● What you are asked to do
Write out, from the entries below, exactly the lines that run between the lines holding "不忘初心(版本二)简谱视唱 歌谱-苍强曲谱" and "Obraz 23 x 29", inclusive, and stop there.

● Supplied material
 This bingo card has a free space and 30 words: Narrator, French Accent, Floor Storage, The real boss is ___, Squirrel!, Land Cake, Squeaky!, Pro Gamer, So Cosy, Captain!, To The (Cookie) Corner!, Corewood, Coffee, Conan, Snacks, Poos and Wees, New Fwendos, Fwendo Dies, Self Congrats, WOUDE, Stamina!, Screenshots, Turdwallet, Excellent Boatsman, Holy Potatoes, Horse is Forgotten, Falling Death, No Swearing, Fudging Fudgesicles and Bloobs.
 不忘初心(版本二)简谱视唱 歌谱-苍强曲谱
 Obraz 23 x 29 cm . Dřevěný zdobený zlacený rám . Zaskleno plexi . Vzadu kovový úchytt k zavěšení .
==
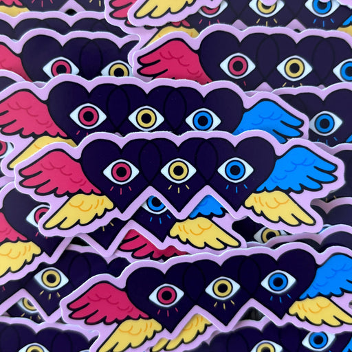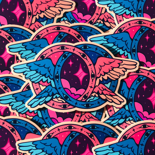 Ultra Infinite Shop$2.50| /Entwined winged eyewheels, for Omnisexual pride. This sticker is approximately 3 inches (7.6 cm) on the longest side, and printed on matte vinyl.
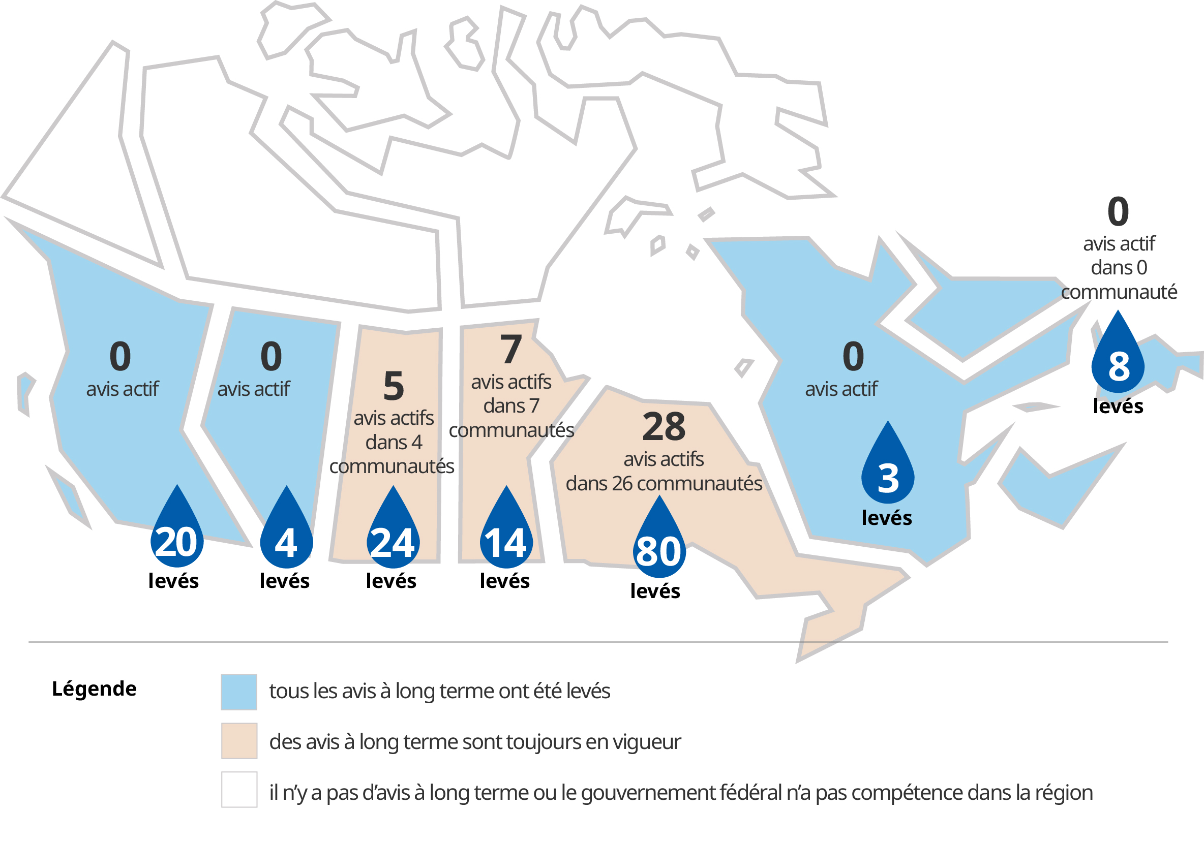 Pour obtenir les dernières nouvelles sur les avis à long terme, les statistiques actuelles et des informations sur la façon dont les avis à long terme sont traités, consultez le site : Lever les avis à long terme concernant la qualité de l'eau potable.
==
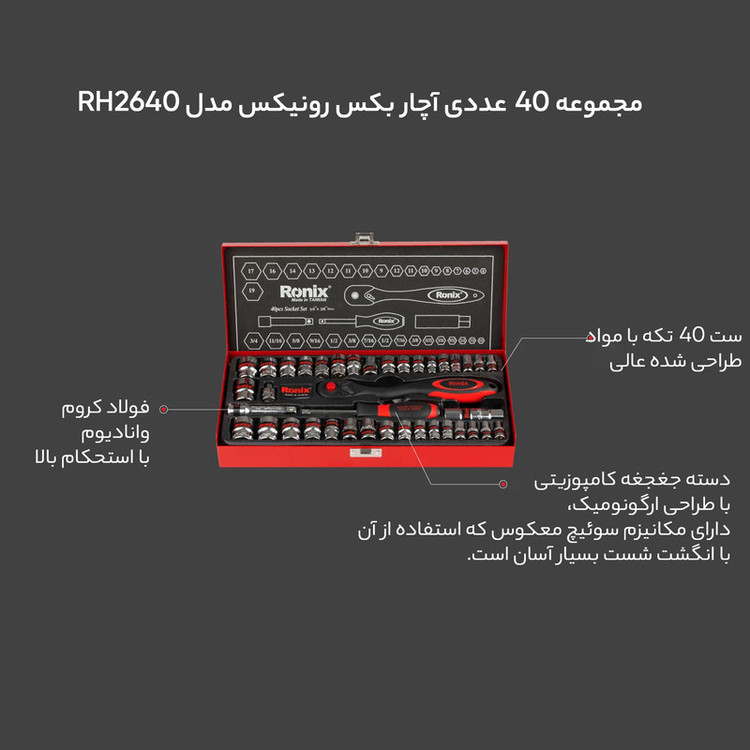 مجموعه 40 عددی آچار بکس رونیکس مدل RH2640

● Response
 不忘初心(版本二)简谱视唱 歌谱-苍强曲谱
 Obraz 23 x 29 cm . Dřevěný zdobený zlacený rám . Zaskleno plexi . Vzadu kovový úchytt k zavěšení .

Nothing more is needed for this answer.